The anchor text processing is far more granular than public guidance suggests. Google maintains completely separate scoring pipelines for internal vs. external links: normalizedScoreFromOffdomain vs. normalizedScoreFromOnsite, with independent counts, volume denominators, and aggregate scores. Redirected links and fragment links are each scored separately. Anchors are deduplicated within source organizations to prevent a single company from flooding anchor signals.

The system also analyzes full context around each anchor: fullLeftContext and fullRightContext capture all terms preceding and following the anchor text. Content position matters: inbodyTargetLink vs. outlinksTargetLink differentiates main content links from sidebar and footer links. And onsiteProminence measures page importance within its own site — but it is not a theoretical PageRank calculation. It is computed by propagating simulated traffic from the homepage and pages with high search-click volume. This is a user-behavior-informed simulation seeded from empirically validated entry points. The implication: Google says clicks don't matter for ranking, but clicks literally seed the simulation that determines internal page importance.

New pages inherit homepage authority (homepagePagerankNs) until acquiring individual PageRank. The Nearest Seeds variant seeds calculations from known-trusted pages rather than distributing uniformly — "distance from a known good source" is how Q* measures authority.
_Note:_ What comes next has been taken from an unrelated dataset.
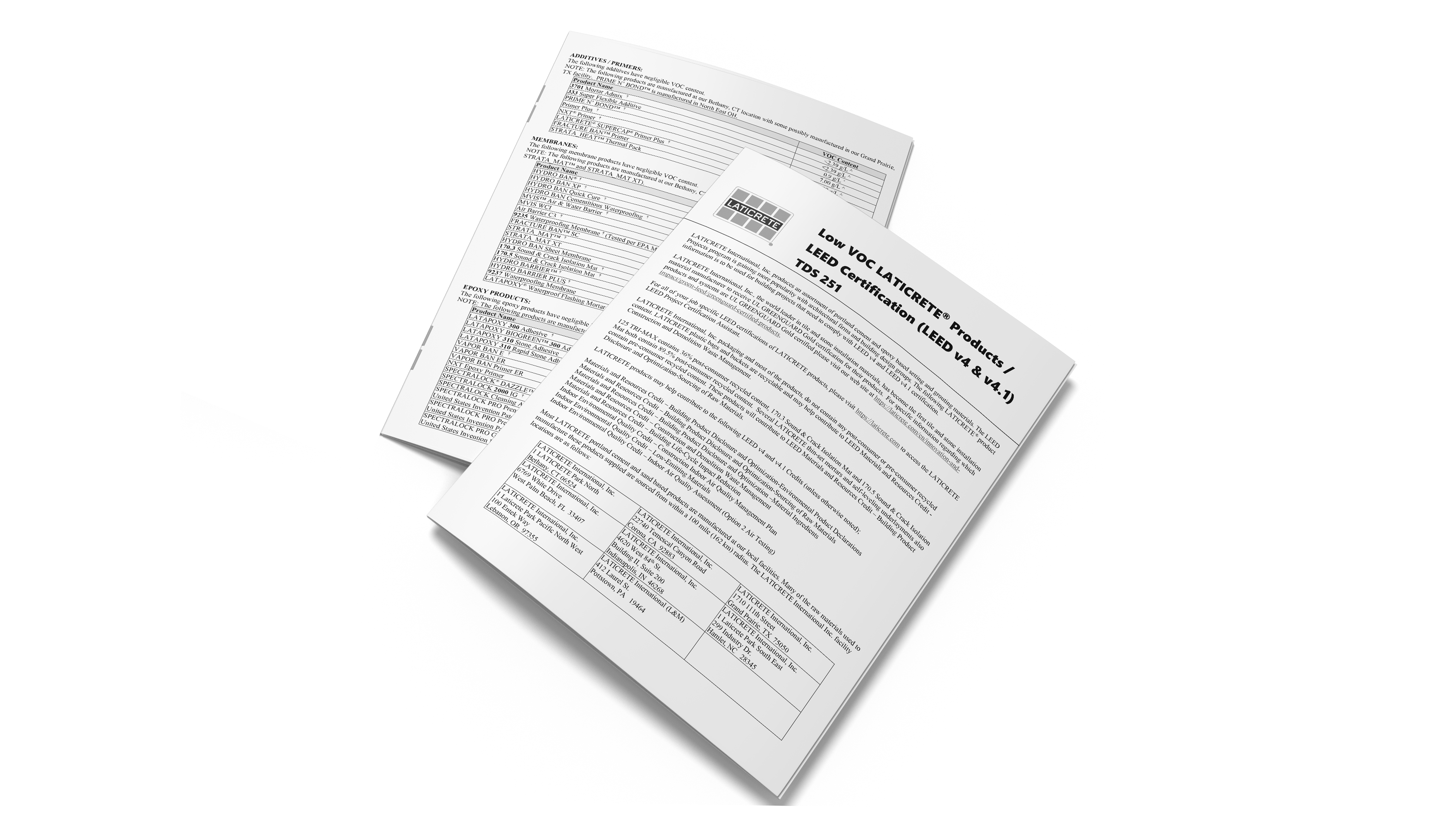 LATICRETE si impegna a fondo per la sostenibilità e per fornire informazioni trasparenti alla comunità in rapida crescita dei sostenitori della bioedilizia. Attualmente, LATICRETE offre schede di sicurezza (SDS) formato GHS, dichiarazioni sulle sostanze contenute nel prodotto (HPD) per tutti i prodotti realizzati da LATICRETE International nonché una certificazione UL GreenGuard Gold per una vasta selezione di prodotti. Nell’immediato futuro, lavorando con il Tile Council of North America, LATICRETE sarà in grado di fornire dichiarazioni ambientali di prodotto (EPD) a livello industriale per malte adesive e stucchi per fuga, entrambi a base minerale.

Homepages themselves are classified into a four-tier trust system via homePageInfo: FULLY_TRUSTED, PARTIALLY_TRUSTED, NOT_TRUSTED, and NOT_HOMEPAGE. Every page on the domain inherits from this tier — a site-wide authority gate by another name, despite Google's denials of a "domain authority" concept.

The practical takeaway

Links have not become less important. What has changed is which links carry signal. The three-tier index tiering system means links from pages with no clicks (Landfills tier) carry minimal value, while links from high-engagement pages (Base tier) carry full value. "We need very few links" is technically correct if those few links are from Base-tier, high-PageRank pages. It is misleading if interpreted as "links barely matter."

Content Quality and Site Authority


Google has publicly stated — repeatedly and through multiple spokespeople — that there is no domain authority metric. The leaked documentation shows a concrete field called siteAuthority inside CompressedQualitySignals, the pre-computed quality gatekeeper module that can disqualify a page before query-time ranking even begins.

Source:2024 Google API leak analysis: iPullRank, Hobo Web, SE Ranking
SignalModuleFunction
siteAuthorityCompressedQualitySignalsCombines content quality, click data, and link profile into a site-level authority score
pandaDemotionCompressedQualitySignalsSite-wide quality penalty. Operates as algorithmic debt: a ceiling no page-level optimization can overcome
contentEffortPerDocDataLLM-based effort estimation for article pages. Quantifies human labor, originality, and resources invested
OriginalContentScorePerDocDataScore from 0-512 measuring content uniqueness at page level
siteFocusScoreQualityNsrNsrDataHow dedicated a site is to a single topic (specialist vs. generalist)
siteRadiusQualityNsrNsrDataHow much an individual page deviates from the site's central theme
authorityPromotionCompressedQualitySignalsBoost signal (inverse of demotion). Explicit positive authority weighting

The contentEffort attribute is particularly notable. It is described as an "LLM-based effort estimation for article pages" that quantifies human labor, originality, and resources invested in creating content. Contributing factors include unique images, videos, embedded tools, in-depth content, original data, and linguistic complexity. This is the closest algorithmic proxy for the Experience dimension of E-E-A-T.

Meanwhile, Google's internal quality system uses codenames that reveal a layered evaluation pipeline: chard acts as the initial content classifier (and triggers more rigorous E-E-A-T evaluation if it classifies a page as YMYL), rhubarb measures the quality differential between a specific URL and its parent site, and tofu predicts site-level quality based on content patterns.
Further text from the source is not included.